AP White House Correspondent

POSTED:
LAST UPDATED: 02:09 p.m. HST, Nov 12, 2011


Placing high hopes on the economic power of Pacific rim nations, President Barack Obama today declared the Asia-Pacific region the heart of explosive growth for years to come. For businesses, he said, “this is where the action’s going to be.”

Obama was in Hawaii courting Asian powers as he sought to improve the beleaguered American jobs outlook. His move comes as his administration has poured attention and capital into deepening relations with Asia as a source of trade, jobs and security ties.

“There is no region in the world that we consider more vital than the Asia-Pacific region,” he told chief executives gathered for a regional economic summit.

For the U.S., Obama’s outreach also reflects worries about Europe’s economic troubles and the need for the United States to tap the enormous base of potential consumers in the emerging nations of Asia.

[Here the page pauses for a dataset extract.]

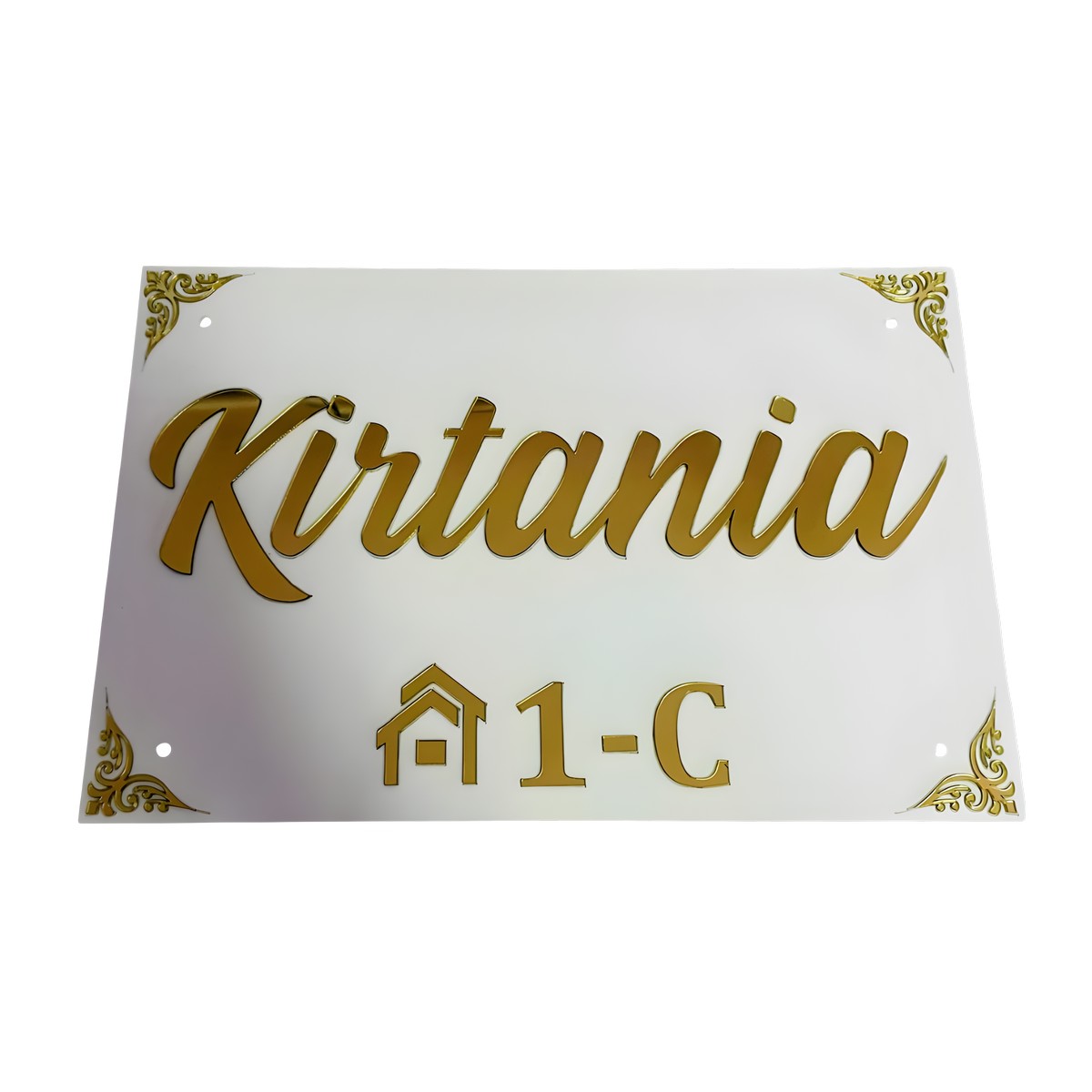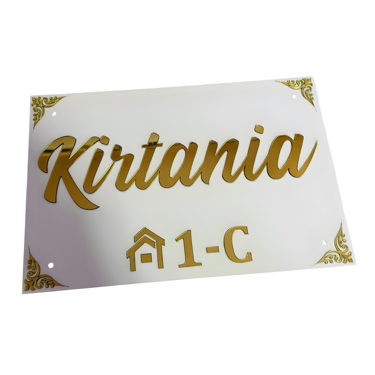 This is a White and Golden Acrylic Home Name Plate, designed in white & golden colour acrylic sheet. The plate will be customized as per the customer requirements.
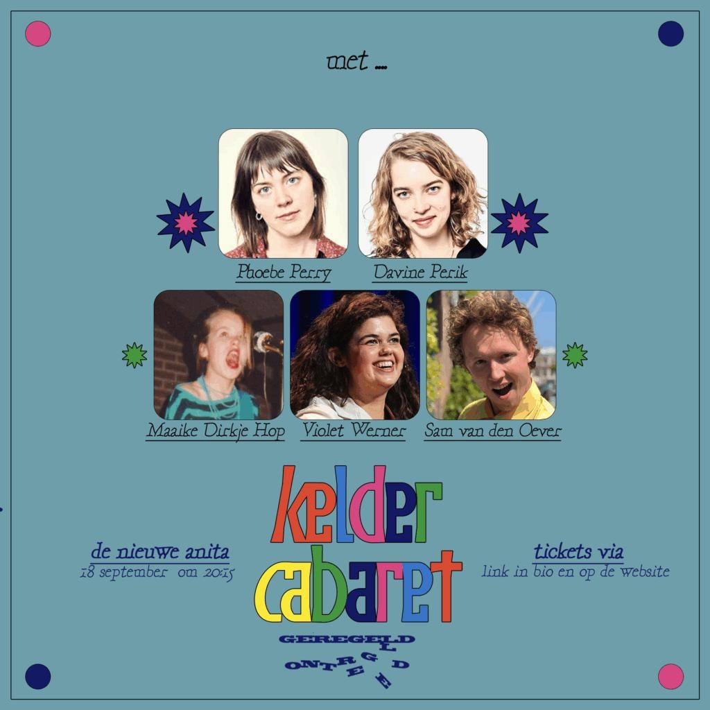 Keldercabaret in de Nieuwe Anita is terug voor een nieuw seizoen! Voor de eerste editie op 18 september hebben we weer een geweldige line-up voor jullie geregeld met nieuwe talenten en meer gevestigde namen. Voor slechts 12,50 (excl. service kosten) euro kan je genieten van een avondvullend programma met onze favoriete cabaretiers. De inloop is vanaf 20:00 en aanvang is om 20:15.

Underscoring the region’s importance to the U.S., Obama today, as expected, announced the broad outlines of an agreement to create a transpacific trade zone encompassing the United States and eight other nations. He said details must still be worked out, but said the goal was to complete the deal by next year. ‘I’m confident we can get this done,” he said.

On a day of heavy diplomacy, the president also was looking to contain deepening worries over Iran amid a fresh U.N. atomic agency report that Iran is working secretly on a nuclear weapon.

On the sidelines of an Asia-Pacific economic summit, Obama met with Japanese Prime Minister Yoshihiko Noda and was to meet with Chinese President Hu Jintao and Russian President Dmitry Medvedev. The timing of the meetings with the Russian and Chinese leaders was particularly significant as Obama seeks to increase world pressure on Iran.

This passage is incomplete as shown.